Immer entlang der Peace Road
Eingang zum Markt
Nun sitzen wir im Guesthouse Oasis in Ulan Bataar, haben heiße Dusche und ein einigermaßen stabiles Wifi. Um das Guesthouse zu erreichen muss man einmal quer durch die Stadt, womit ein Teil vom Sightseeingprogramm bereits erledigt wäre. Unsere Aufenthaltserlaubnis für die Mongolei konnten wir gestern problemlos beim Office of Immigration am Airport um 3 Wochen verlängern und bereits auf dem großen „Schwarzmarkt“ in der Stadt einige Einkäufe erledigen. Wir sind glücklich, endlich hier zu sein! Einerseits sind wir am Ziel und doch wiederum am Anfang einer neuen Etappe und irgendwie auch mittendrin. Im Guesthouse ergeben sich verschiedene Schwätzchen mit meist motorradfahrenden Reisekollegen. Jeder, der sich auf den Weg in diese Ecke der Welt macht, hat etwas Interessantes zu erzählen. 

Einen ersten intensiven Eindruck von mongolischer Kultur, der Landschaft, dem Nomadenleben der Hirten und den uns in den nächsten Wochen erwartenden Straßenverhältnissen, konnten wir zwischen Grenze und hier erhaschen.

Auf dem Weg nach Amarbayasgalant
Wir haben mit großer Dankbarkeit im Herzen die ersten Ovoos, die häufig oben an einem Pass zu finden sind, umrundet und dem Steinhügel weitere Steine zugefügt. Das Nichtumrunden des Ovoos könnte zum persönlichen Nachteil gereichen, was wir unter allen Umständen vermeiden wollen! Die Dankopfer, die die Mongolen hier zusätzlich ablegen, könnten vielschichtiger nicht sein. Der 2-tägige Abstecher zum abseits, in wunderbarer Alleinlage eindrucksvoll in den Bergen gelegenen Lamakloster Amarbayasgalant wird uns noch lange in Erinnerung bleiben. 30 km teils anspruchsvolle Piste mussten bewältigt werden um dorthin zu gelangen. Die Mantragesänge der Mönche, denen wir am Morgen lauschen durften, werden uns sicherlich noch lange bewegen.


Kloster Amarbayasgalant
Unser Jonny ist hier auch zu sehen!
 

Zurück auf der Hauptstraße suchten wir auf halbem Weg nach Ulan-Bataar einen Nachtplatz und stießen völlig überrascht überall an den schönen Plätzen auf mongolische Familien beim Picknick. Degi, die deutschsprechende Managerin des Guesthouses, konnte das Rätsel für uns ein paar Tage später auflösen. Der 1. Juni ist Feiertag! Der „Kindertag“ gehört der Familie und da es einer der ersten wirklich heißen Tage des Jahres war, zog es viele Stadtmongolen an die Flüsse und Seen der Umgebung.

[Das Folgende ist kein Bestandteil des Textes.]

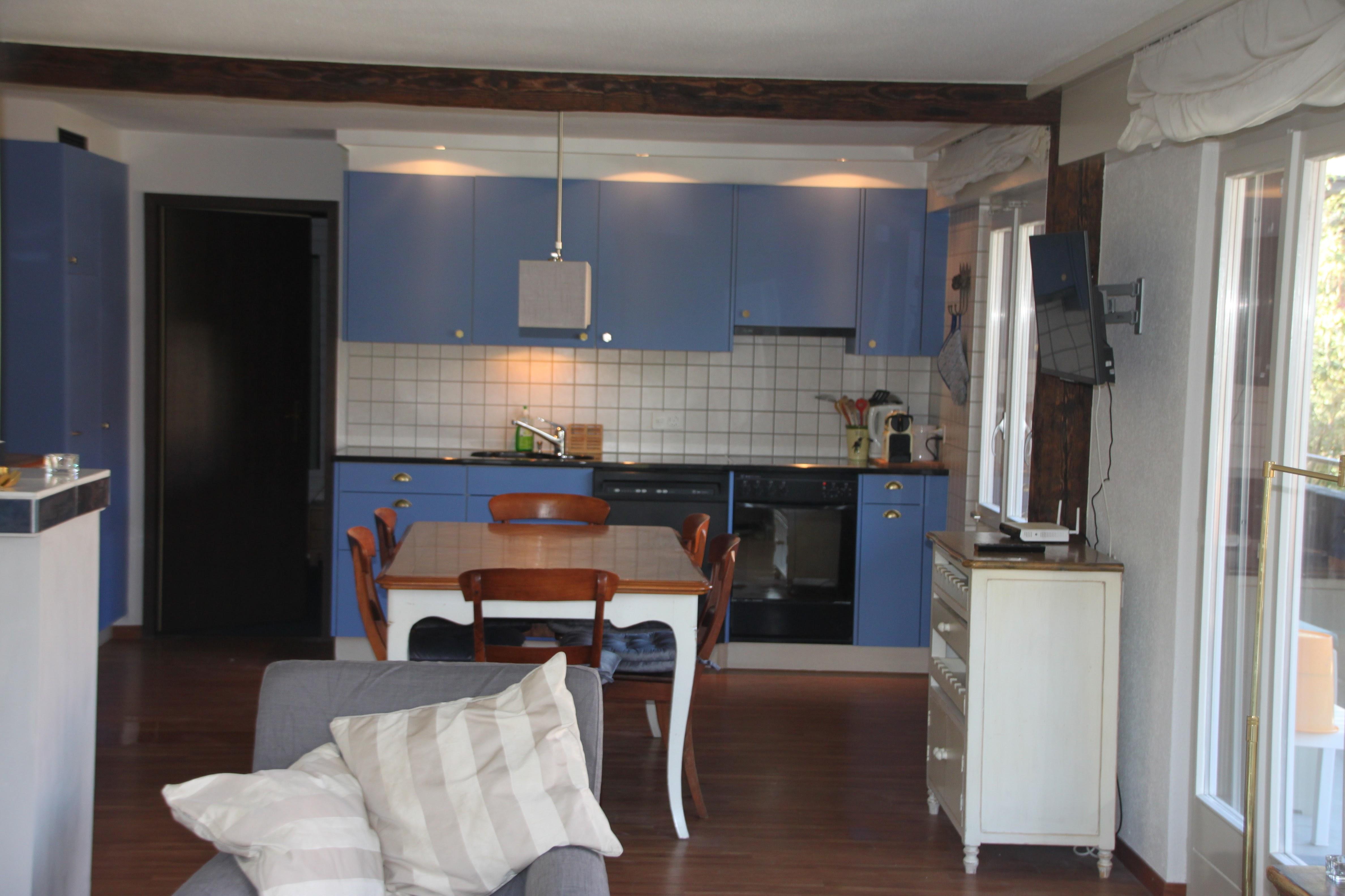 4-Zimmerwohnung (98 m2) im 2. Stock in einem Mehrfamilienhaus mit 8 Wohnungen. 3 Schlafzimmer mit je 2 Einzelbetten. Duvets nordisch, Bettwäsche vorhanden. Wohn-Essküche mit Backofen, Kühlschrank, Geschirrspüler. Wohnzimmer mit Kabel-TV, Radio, WLAN. Bad/WC, Dusche/WC. 2 Balkone mit schöner Aussicht, Parkplatz in Einstellhalle, Mitbenützung Waschmaschine, Skiraum, Zentralheizung. Nichtraucherwohnung. Haustiere nicht erlaubt.
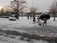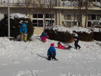 2022年1月13日 12時00分1月13日(木)、朝から子どもたちが一生懸命雪かきをしてくれました。雪が降った日は6年生を中心に自主的に子どもたちが雪かきに参加してくれます。この日も前日も手伝ってくれました。すばらしいです。本当に働き者の子どもたちです。ありがとうございます。そして、休み時間、校庭を見てみると子どもたちが、思いっきり雪遊びを楽しんでいました。雪で濡れないように、防寒のために・・・子どもたちの服装もばっちり雪仕様です。とても楽しそうに雪遊びを楽しんでいました。
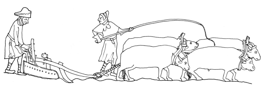 | Bread continued to be a staple food throughout the Middle Ages. In rural areas most households baked their own bread. This was probably usually under a pot on a hearthstone but some small rural cottages, such those excavated at Hangleton on the Sussex Downs and Tresmorn in north Cornwall, had their own ovens. The floor of the oven in the cottage at Tresmorn was a granite rotary quernstone – a not uncommon reuse. Monasteries, castles and manor houses also had their own bakehouses and ovens. In towns and cities, however, commercial bakers were gradually increasing in number; there were at least six operating in Winchester by about 1100. Like millers, bakers appear generally to have had a bad reputation. This was perhaps not undeserved for in 1266 an Assize of Bread was decreed by royal order. This standardised the weights and prices of bread and grain and was intended to stop or at least reduce the practice of selling under-weight bread, and to keep prices down and curb undercutting and racketeering between the bakers’ guilds. A number of medieval manuscripts depict baking, showing scenes such as kneading the dough in a trough and taking small round loaves from the oven with a wooden peel. Similarly, the production of small white loaves is depicted in the series of illustrations from the Ordinances of the York Baker’s Company, 1598, and an oven, kneading trough and peel are also featured amongst the bakers’ tools in Randle Hoolme’s Academy of Armory, 1688. Indeed, the method of baking bread in wood-fired domed clay ovens was to remain virtually unchanged until the introduction of steam ovens in the 19th century. As in earlier periods, there were several different types of bread. Pandemain was the finest, made from wheat flour sifted two or three times; loaves of white bread are shown on the table at which the family and guests are being served a meal in one of the scenes of everyday life depicted in the 14th century Luttrell Psalter. At the other end of the scale was maslin, a mixture of wheat and rye, and horse bread which included peasemeal and ground beans. The carbonised remains of small round loaves which had been made from a mixture of wheat and rye were found during the excavation of a house in Ipswich which was destroyed by fire in the 11th century. Tourte or brown bread, wholemeal mixed with rye or barley flour, was used for trenchers (from the Norman French tranchoire, meaning slice) at wealthy tables, used to soak up the gravy and juices from pieces of meat. The trenchers were not usually eaten as part of the meal but given to servants, dogs and the poor at the gates afterwards. Gerald of Wales in his Description of Wales, written about 1188 says that ‘sometimes they (the Welsh) serve the main dish on bread, rolled out large and thin, and baked fresh each day’. Monastic accounts indicate that different grades of white and brown bread were produced in the abbey bake-houses; the best quality for the abbot and his guests, the poorest quality for the abbey servants. | |
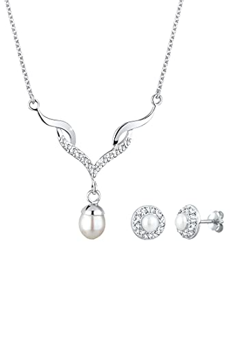 Elli smyckesset damer droppe hänge set örhängen med kristaller och sötvattensodlade pärlor i 925 sterlingsilver, 450, Silver, Pärla

Zu Ulan-Bataar, der Hauptstadt der Mongolei, in der mehr als die Hälfte aller Mongolen leben sollen, könnte man einen langen Roman schreiben. Von Bauboom und Aufbruch, von herausfordernd dichtem Straßenverkehr, Smog und einem seit der Demokratisierung des Landes einsetzenden Geldfieber. Aber das ist eine eigene Geschichte, zu der wir hier nichts weiter erzählen wollen. Wir fühlen uns hier ganz wohl. Es gibt chaotischere Städte. Das Guesthouse Oasis macht seinem Namen alle Ehre und die Erholung nach einem anstrengenden Stadttag ist garantiert. Gestern war Ruhe angesagt. Heute geht es nochmal in die Stadt. Karl-Heinz ist bereits vorgefahren. Wir werden ihm in 2 Tagen in Richtung Bulgan folgen und freuen uns schon jetzt auf die eindrucksvollen, weitläufigen Landschaften, die uns erwarten.